BISON B.C.’S LOVELESSNESS: FORGET WHAT THOSE DICKHEAD YAKS TOLD YOU
True to form, Bison B.C. is hairy, burly, lumbering, and grass-loving. And while he maybe isn’t the flashiest beast, our wooly steppe walker is about as solid as you could hope from any boulder sized chunk of bellowing feral beef. Forget what those dickhead yaks told you.
On Lovelessness, these dudes’ third long player, Bison B.C. is ever the nomad, traversing psych tweaked stoner rocks, doom sodden gullies, and weathering the occasional storm of thrash. It’s like if Orange Goblin got in a motorcycle accident and lost their knowledge of blues, while retaining perfect head-banging form. The template might also sound suspiciously like the High on Fire, but Bison’s tendency towards affirming, 80s aping leads, and a more exploratory (not to say disconnected) sense of song structure make the band more of a fellow traveler than a rip-off.

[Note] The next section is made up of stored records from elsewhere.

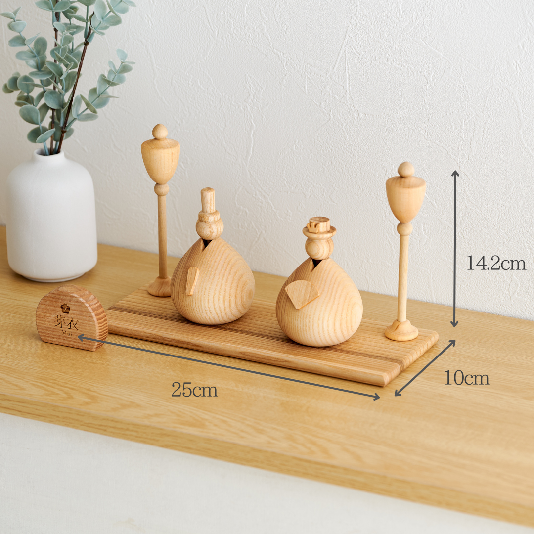 木のぬくもりに、しずくの形をそっとのせて。まあるいフォルムが、春の気配をやさしく運びます。手のひらに収まるサイズなのに、存在感はしっかりと。シンプルで上質な雛飾りを求める方に。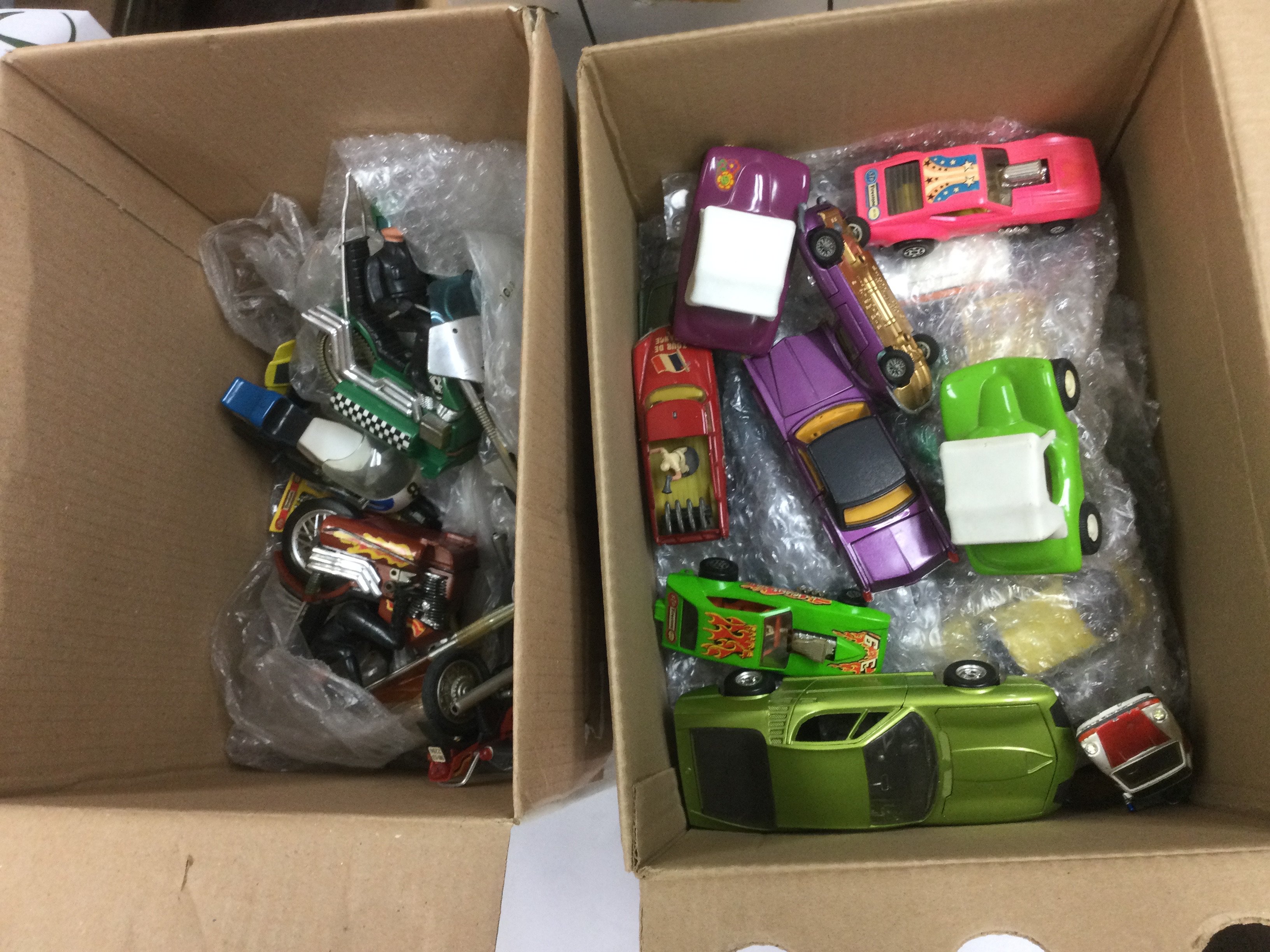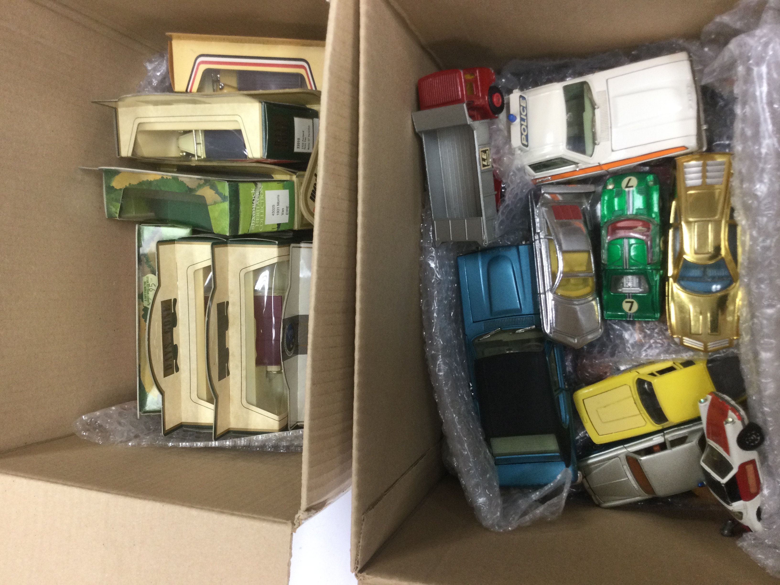 WITHDRAWN Four boxes of various playworn and boxed die cast vehicles including Chitty Chitty Bang Bang, Bat copter, UFO SHADO vehicles, tanks, F1 cars etc. Includes Corgi and Dinky examples. Shipping category D.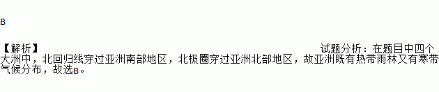 B 【解析】试题分析:在题目中四个大洲中,北回归线穿过亚洲南部地区,北极圈穿过亚洲北部地区,故亚洲既有热带雨林又有寒带气候分布,故选B。大洲是大陆和它附近岛屿的合称,那么全球应该有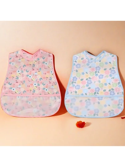 2pcs Waterproof Baby Bibs - Double-Layer Waterproof Design For Children's Feeding, Washing, Playing, Painting, Etc., Reversible Pocket Design With Strong Debris Containment Ability, Button Design, Two Sizes Adjustable, Waterproof, Machine Washable, Soft, Stain-Resistant, Odor-Resistant, Suitable For 6-36 Months Old Baby - The Best Holiday Gift, The Best Choice For New Parents - Multicolor - View 1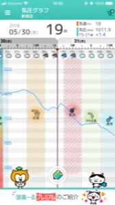 折れ線グラフで毎日の気圧を教えてくれます。アプリ内のキャラクターたちもかわいいです。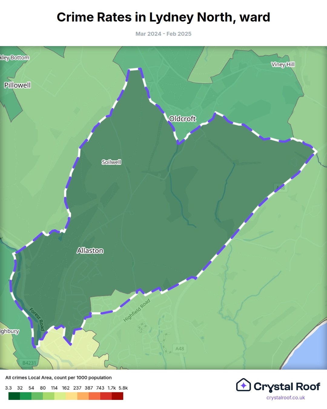 The figures in grey indicate the relative ratings of Lydney North (ward) for a specific crime type compared to other wards in England and Wales.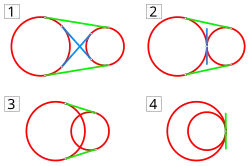 vier gemeinsame Tangenten, nämlich zwei äußere und zwei innere, wenn die Kreise keine gemeinsamen Punkte haben und sich nicht umschließen,

The payoffs are there; big sky payoffs. But for all its immense heaviness, Lovelessness is an album of patient, roaming songs. There are stampedes, sure, but also a lot of cud chewing. Opener “Old Friend” takes near six-and-a-half minutes, moving from (1) a harmonized lament to (2) a withering death march, followed by a (3) thrash clawed gallop which breaks into a (4) crunchy chorus stomp before going back to the death march and the gallop before flaming out with a squirrely triumph of a solo. When it’s done, there’s an intro class to entomology splattered on your windshield, and you know you should probably park it and take a breather at the next rest stop: you’ve been driving a long time.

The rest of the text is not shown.